Note: Foreign tables cannot be included in CREATE PUBLICATION for logical replication.
Clauses
IF NOT EXISTS
Prevents errors if the foreign table already exists. If the table exists, no action is taken.
OPTIONS
Defines key-value pairs specific to the foreign data wrapper for configuring the connection to the external system.
| Option | Description |
|---|---|
| schema_name | Specifies the schema name in the foreign system. Defaults to the local schema name. |
| table_name | Specifies the table name in the foreign system. Defaults to the local table name. |
Examples
Example 1: Creating a Foreign Server
Before creating a foreign table, you must define a foreign server:
CREATE SERVER my_postgresql FOREIGN DATA WRAPPER jdbc
OPTIONS (url 'jdbc:postgresql://example.com:5432/my_database');
This defines a connection to a PostgreSQL database using the JDBC wrapper.

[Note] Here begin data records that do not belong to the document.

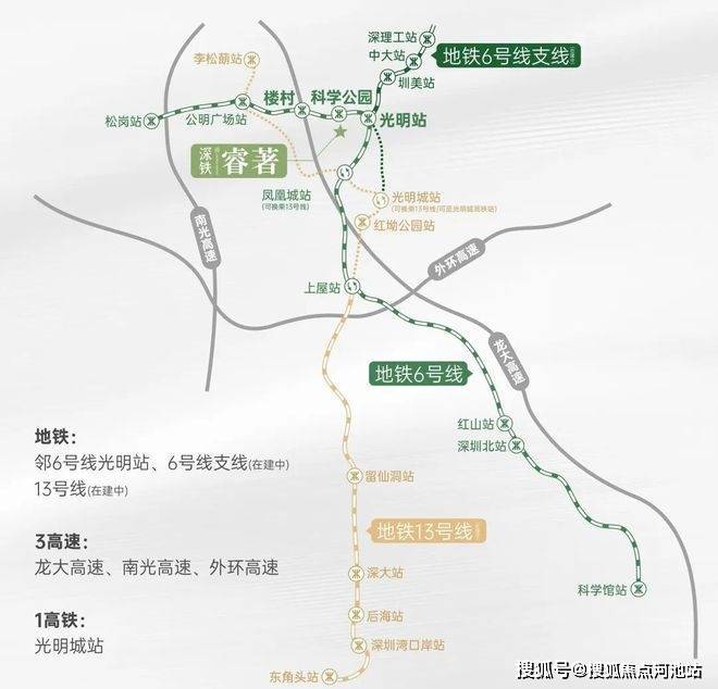 3地铁:邻6号线光明站、6号线支线 (在建中)、13号线 (在建中)
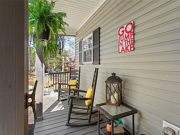 Experience the charm of this stunning Lakehouse, where perfection meets tranquility. As you step through the front door, the breathtaking view of the lake greets you. This beautifully decorated home features five spacious bedrooms and three full baths, all designed for low maintenance and energy efficiency, nestled on a peaceful street just minutes from I-85. Built a decade ago, it serves as an ideal retreat from the daily grind. Enjoy evenings by the fire pit, listening to the soothing sounds of nature, or spend your days fishing for bass and crappie from the dock. You can paddleboard in the serene cove or take a quick ride on your jet ski to Harbor Light Marina for a delightful meal. Located at Channel Marker T-61, this property offers endless opportunities for lake enjoyment. Perfect for entertaining large families or as a potential VRBO, the home also includes the option to purchase an adjacent lot, complete with a second dock, storage building, and a delightful surprise—a she-shed, man cave, or kids' hideaway. This extra space could even serve as a home office if needed. Don’t hesitate; come see this lovely Lakehouse and all its wonderful features! THE LOT to the LEFT of this home is For Sale with first right of refusal to the Buyer of 300 Gladys Circle. If the Buyer chooses to purchase, the cost will be $79,000. This Lot has a Swim Dock and Currently has the Gold Cart Garage and Part of the "She Shed" encroaching. The sellers will move the Buildings if the Buyer of the homes does not want to purchase the Lot. PLEASE NOTE: THE SECOND LOT TO THE LEFT OF THE HOME SHOWN IN THE PHOTOS IS NOT PART OF THIS LISTING. IT CAN BE PURCHASED FOR $79,900 AND WOULD INCLUDE THE PLATFORM DOCK.
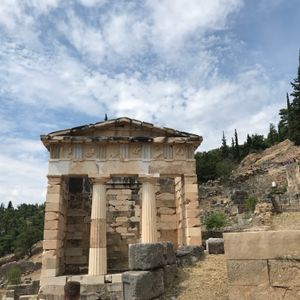 神聖なアポロン神殿の一部が残る山奥の斜面とそこからの渓谷の眺めは素晴らしかった。入り口付近に発掘された遺跡を展示した博物館があり当時の姿が垣間見られた。数回の地震やその後の一部修復で遺跡は一部しか見られないため全体をイメージするのは難しかった。ギリシャ神話を有る程度読んでアポロンの神の前知識があればもぅ少し理解できたと思う。通常売店が有り遺跡の説明書など売っているので、それを期待したが、売店は無くビックリ、驚きだった。博物館の金の展示物にアポロンと姉のアフロディア(?)、母親の説明が少し有っただけだった。これから遺跡を観に行く人は事前下調べをお勧め。
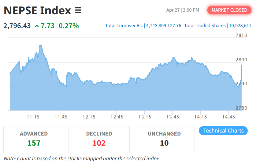 यस दिन नेप्से परिसूचक ७.७३ अंकले बढेर २७९६.४३ विन्दुमा पुगेको छ । यस्तै, सेन्सेटिभ इण्डेक्स १.६४ अंकले बढ्दा फ्लोट इण्डेक्स ०.७५ अंक र सेन्सेटिभ फ्लोट इण्डेक्स ०.६१ अंकले वृद्धि भएको छ ।
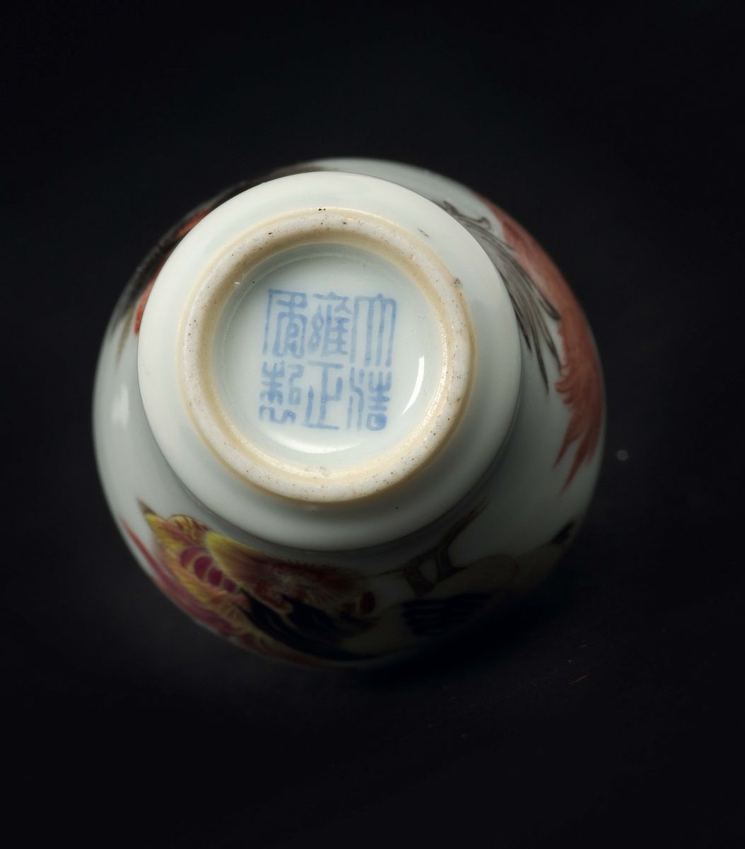 Snuff bottle in porcellana a smalti policromi con immagini di galli, Cina, Dinastia Qing, XIX secolo
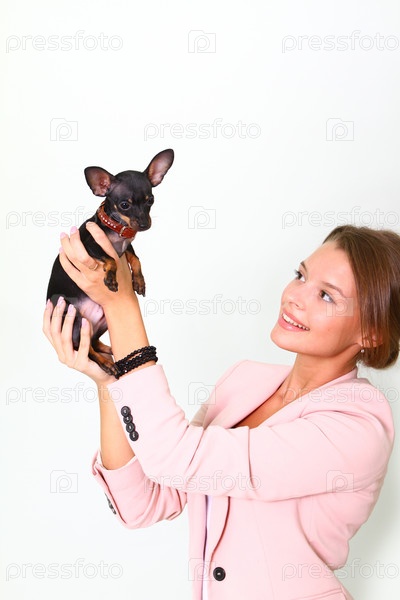 Хорошенькая молодая женщина с небольшой собакой, изолированная на белом фоне

Example 2: Creating a Foreign Table
Create a foreign table that maps to a PostgreSQL table named customers:
CREATE FOREIGN TABLE public.customers (
customer_id INT PRIMARY KEY,
name TEXT,
email TEXT
)
SERVER my_postgresql
OPTIONS (schema_name 'public', table_name 'customers');
This maps the structure of the PostgreSQL customers table into MONKDB.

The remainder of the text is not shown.